Exercise prompt - Going line by line through the records below, write out everything starting with the line containing "据报道,毕马威与微软达成了里" and going on through the line containing "Вниманию участников мероприятия", exactly and inclusively. Pictures do not go in.

Records provided -

• • •

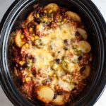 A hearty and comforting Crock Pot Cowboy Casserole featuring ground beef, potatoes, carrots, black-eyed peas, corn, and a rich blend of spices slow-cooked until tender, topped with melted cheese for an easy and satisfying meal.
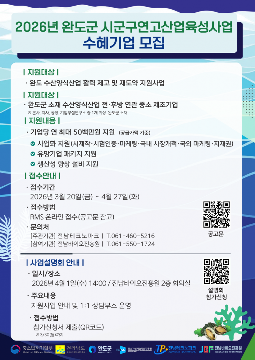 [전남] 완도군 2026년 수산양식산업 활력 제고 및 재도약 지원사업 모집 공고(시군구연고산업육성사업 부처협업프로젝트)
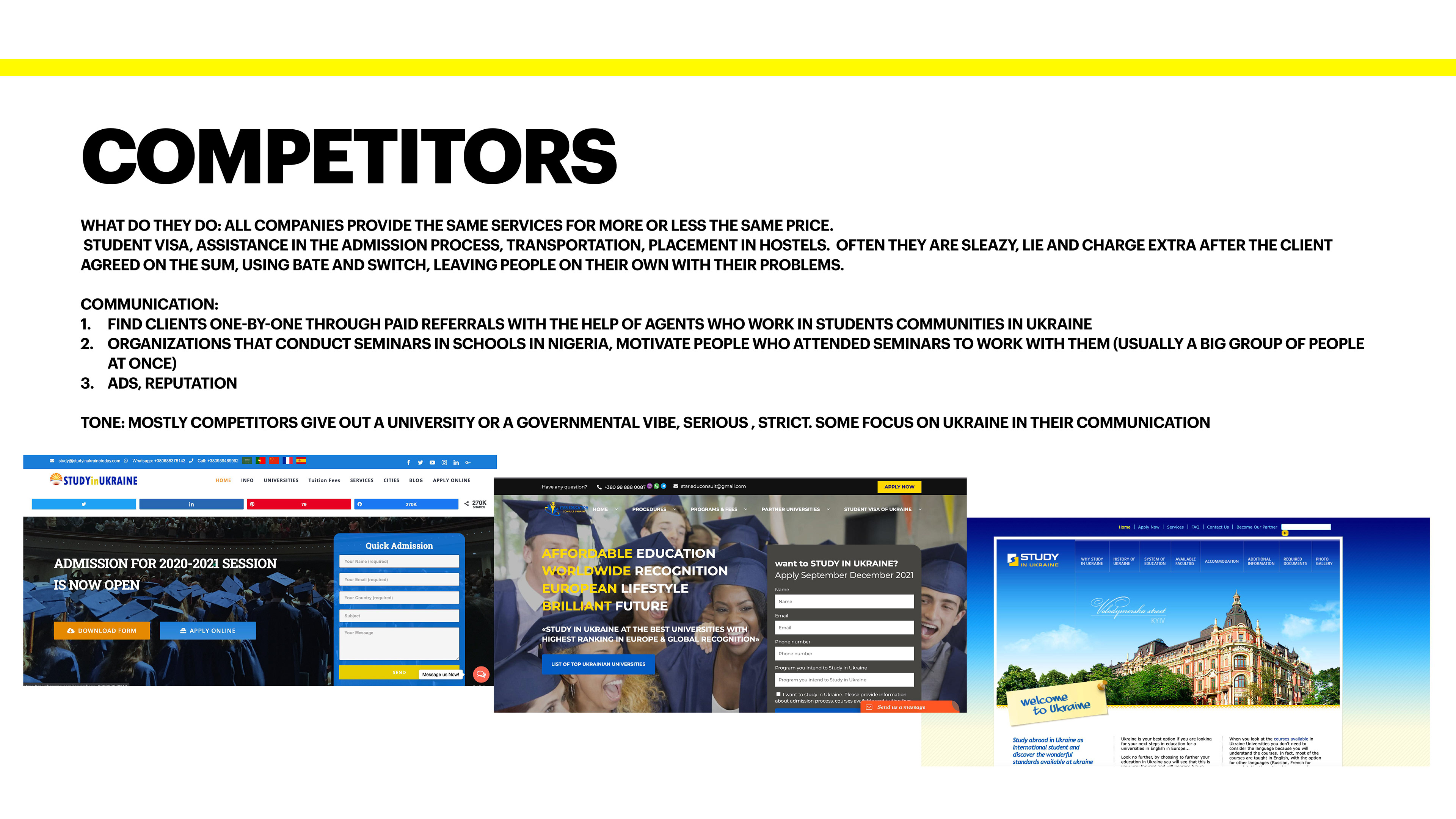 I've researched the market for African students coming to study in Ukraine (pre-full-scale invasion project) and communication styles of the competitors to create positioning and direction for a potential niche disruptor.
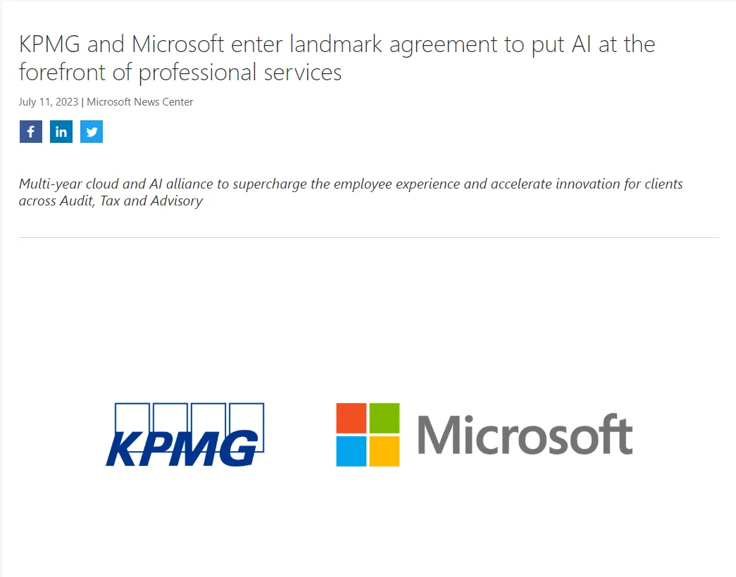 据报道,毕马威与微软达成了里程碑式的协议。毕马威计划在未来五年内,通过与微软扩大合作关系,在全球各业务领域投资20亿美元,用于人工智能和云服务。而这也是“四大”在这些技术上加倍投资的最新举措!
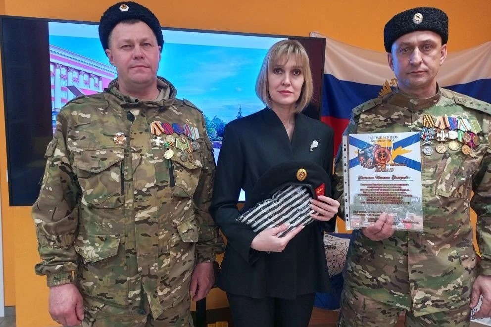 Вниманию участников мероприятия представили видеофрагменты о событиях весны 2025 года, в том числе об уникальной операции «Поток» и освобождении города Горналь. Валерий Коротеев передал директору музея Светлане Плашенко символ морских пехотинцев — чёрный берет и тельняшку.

• • •

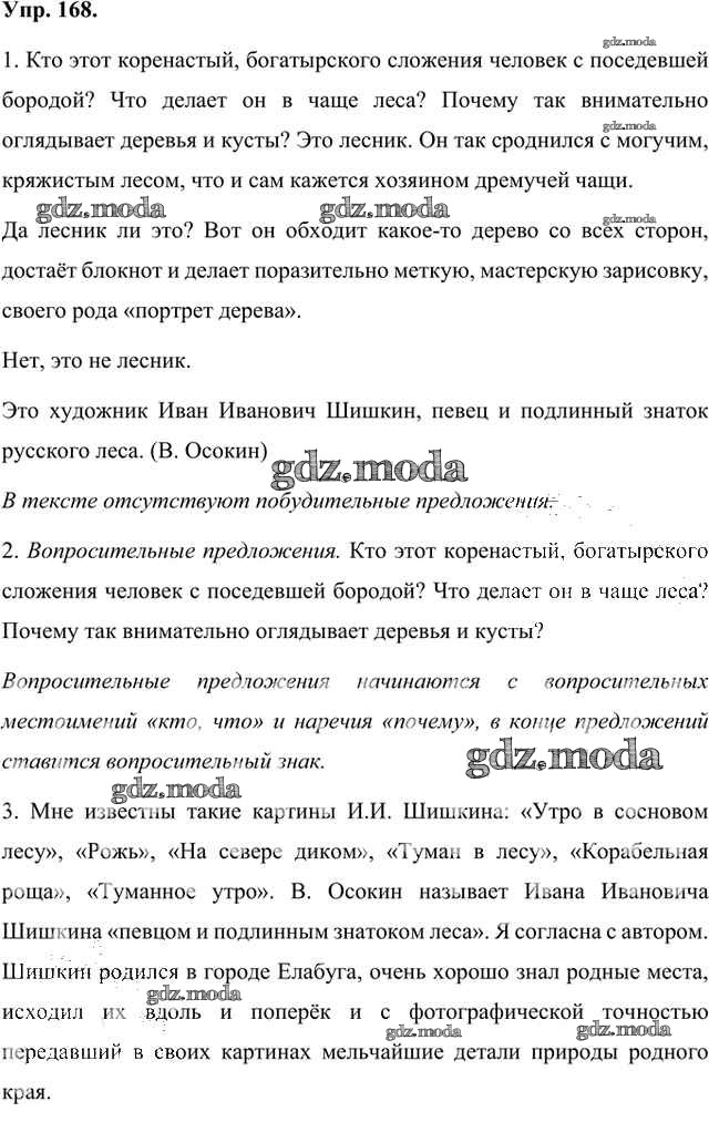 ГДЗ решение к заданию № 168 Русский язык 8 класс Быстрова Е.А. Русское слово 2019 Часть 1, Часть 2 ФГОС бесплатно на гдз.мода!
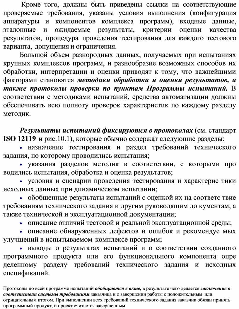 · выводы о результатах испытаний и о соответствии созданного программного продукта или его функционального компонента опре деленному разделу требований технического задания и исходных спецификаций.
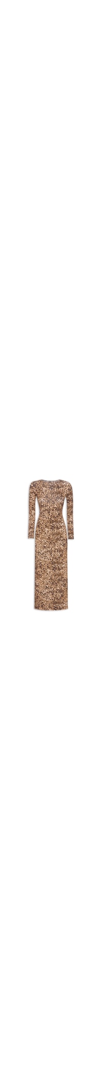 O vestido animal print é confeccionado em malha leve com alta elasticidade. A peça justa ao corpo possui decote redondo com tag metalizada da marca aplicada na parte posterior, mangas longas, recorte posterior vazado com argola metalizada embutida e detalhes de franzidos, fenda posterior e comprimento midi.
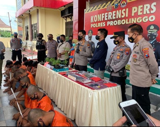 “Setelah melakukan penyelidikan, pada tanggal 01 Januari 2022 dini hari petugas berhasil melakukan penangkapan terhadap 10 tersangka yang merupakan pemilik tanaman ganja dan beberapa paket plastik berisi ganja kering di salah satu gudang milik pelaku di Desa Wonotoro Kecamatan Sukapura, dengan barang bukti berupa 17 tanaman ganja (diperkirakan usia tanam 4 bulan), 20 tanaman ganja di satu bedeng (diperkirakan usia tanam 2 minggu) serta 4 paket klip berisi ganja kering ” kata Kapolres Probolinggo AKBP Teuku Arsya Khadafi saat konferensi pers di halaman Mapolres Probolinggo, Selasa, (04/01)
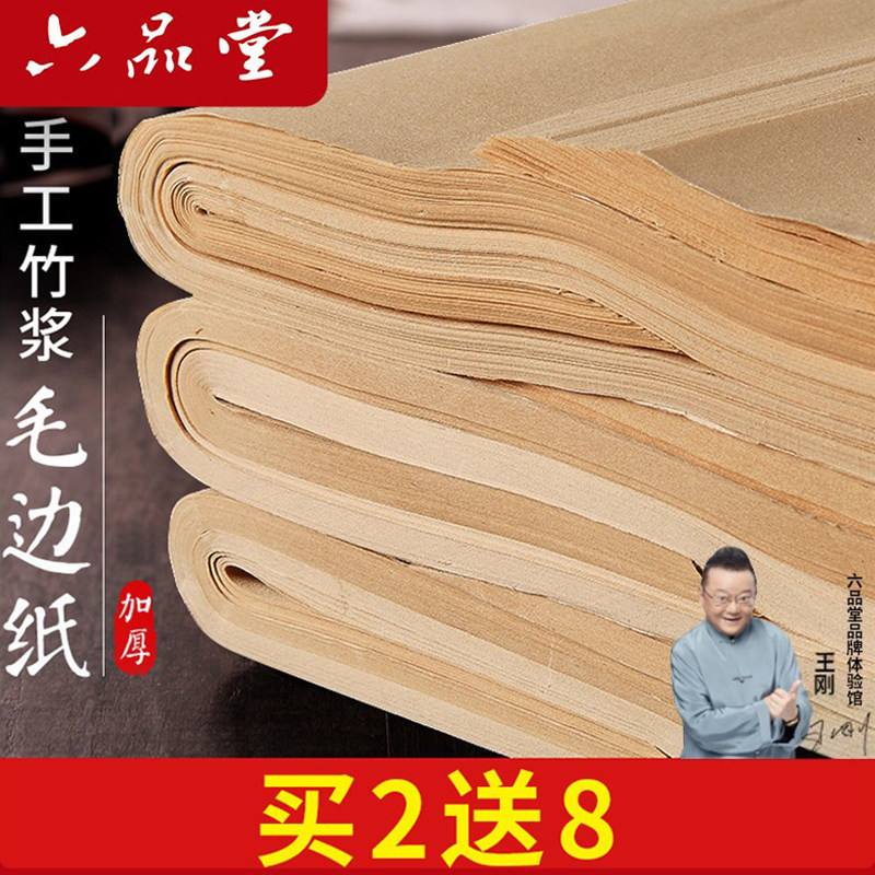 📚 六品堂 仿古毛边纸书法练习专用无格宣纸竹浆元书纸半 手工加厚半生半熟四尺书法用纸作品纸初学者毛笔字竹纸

• • •

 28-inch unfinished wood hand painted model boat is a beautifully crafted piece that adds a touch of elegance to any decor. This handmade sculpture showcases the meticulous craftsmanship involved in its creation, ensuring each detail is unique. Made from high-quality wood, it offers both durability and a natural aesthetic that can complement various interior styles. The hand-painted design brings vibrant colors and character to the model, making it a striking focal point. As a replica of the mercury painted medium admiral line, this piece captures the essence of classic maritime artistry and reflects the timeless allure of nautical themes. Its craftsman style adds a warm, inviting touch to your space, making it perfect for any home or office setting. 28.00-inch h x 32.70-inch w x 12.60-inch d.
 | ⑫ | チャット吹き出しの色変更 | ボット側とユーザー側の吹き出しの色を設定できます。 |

• • •

Answer box -
 据报道,毕马威与微软达成了里程碑式的协议。毕马威计划在未来五年内,通过与微软扩大合作关系,在全球各业务领域投资20亿美元,用于人工智能和云服务。而这也是“四大”在这些技术上加倍投资的最新举措!
 Вниманию участников мероприятия представили видеофрагменты о событиях весны 2025 года, в том числе об уникальной операции «Поток» и освобождении города Горналь. Валерий Коротеев передал директору музея Светлане Плашенко символ морских пехотинцев — чёрный берет и тельняшку.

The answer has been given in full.